I slid into the chair across from him and handed over a crumpled twenty-dollar bill. Some people go to therapy every week, I get my cards read. A tarot reader saved my mother’s sanity when I was a kid—not psychiatry. So consulting the cards felt natural. Mom has long since moved on to doing her own readings, but for me, Lorenzo’s insights are like training wheels still welded to my psyche.
“Back again,” Lorenzo said, smiling under that goofy mustache. “Another crisis?”

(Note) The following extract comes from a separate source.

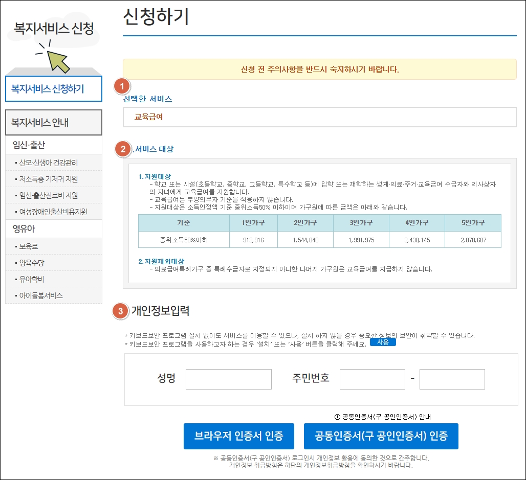 3. 신청 전 주의사항 확인 및 본인인증을 합니다. 선택한 서비스가 교육급여임을 확인합니다. 성명과 주민등록번호를 입력하고 공동인증서 인증버튼을 클릭하여 본인인증을 완료합니다.

He has proven to be very big on that old saw “crisis equals opportunity,” even in the short time I’d known him. He had to be an optimist, taking money from all those tourists and then giving life direction, night after balmy night.
“The universe seems a little crazy right now,” I said. “I’d like to get your opinion.”

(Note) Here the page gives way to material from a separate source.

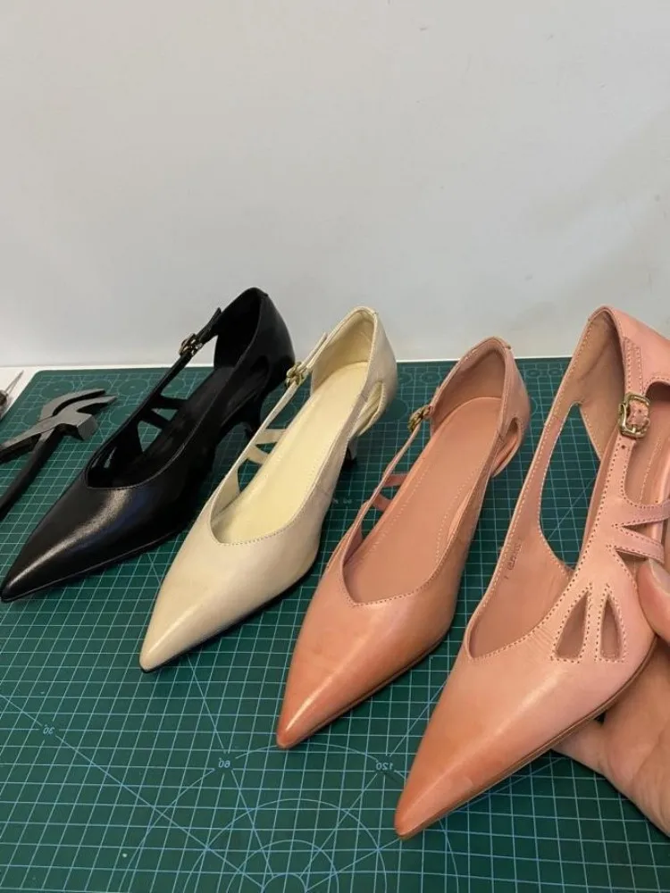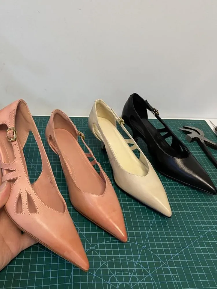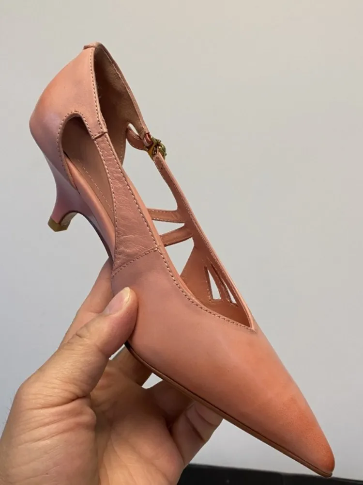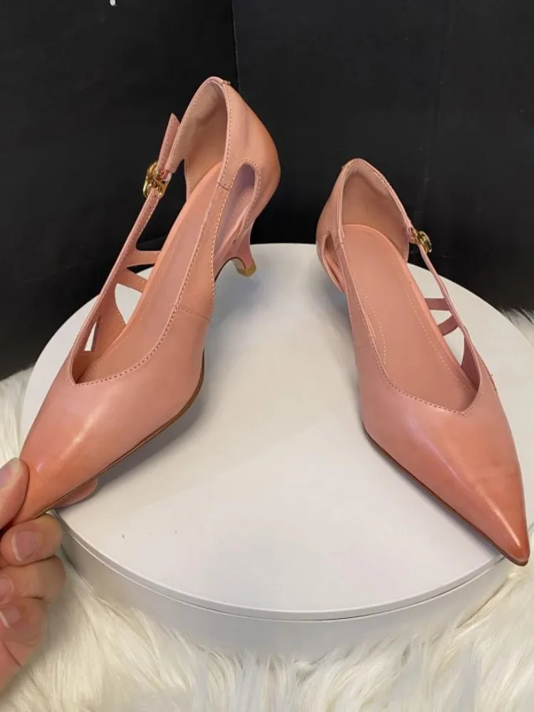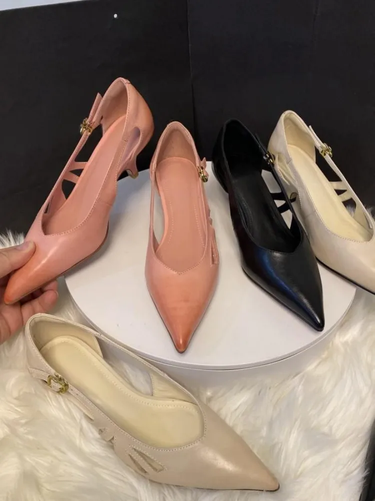 סנדלי עקב סטילטו מעור אמיתי לנשים בסגנון חיצוני לקיץ עם רצועת אבזם מחודדת בצבע אחיד

He had me sterilize my hands with a witch hazel spritzer and cut his deck of oversized, colorful cards, sticky with age and use. Then he laid out the first row, placing a metal lizard on top so they wouldn’t blow away: the Chariot, reversed, the Five of Pentacles, and the Eight of Swords.
“Hmmm,” he said, his brow creasing into the biggest worry lines I’d ever seen him wear. “You may be pulled in many directions…self-sabotage…a feeling of neediness? Seems like you’re feeling a little out of control?”
“Tell me something I don’t know,” I said, leaning in closer to the cards.
Now I’m looking forward to weaving Lorenzo into all the books. And my sister gave me my own pack of tarot cards to study as I write. And, should I need one more way to procrastinate, I can get a free three-card reading every day for me, or for Hayley. And here’s the link for you:
How about you all? Any tarot card believers out there? And even if not, do you mind a touch of supernatural in the books you read?
Lucy Burdette (aka Roberta Isleib) is the author of the Key West food critic mysteries, debuting January 3 with AN APPETITE FOR MURDER. Read more at her website, www.lucyburdette.com, or visit her on www.Twitter.com/lucyburdette or on www.Facebook.com/lucyburdette or on her group blog, www.jungleredwriters.com.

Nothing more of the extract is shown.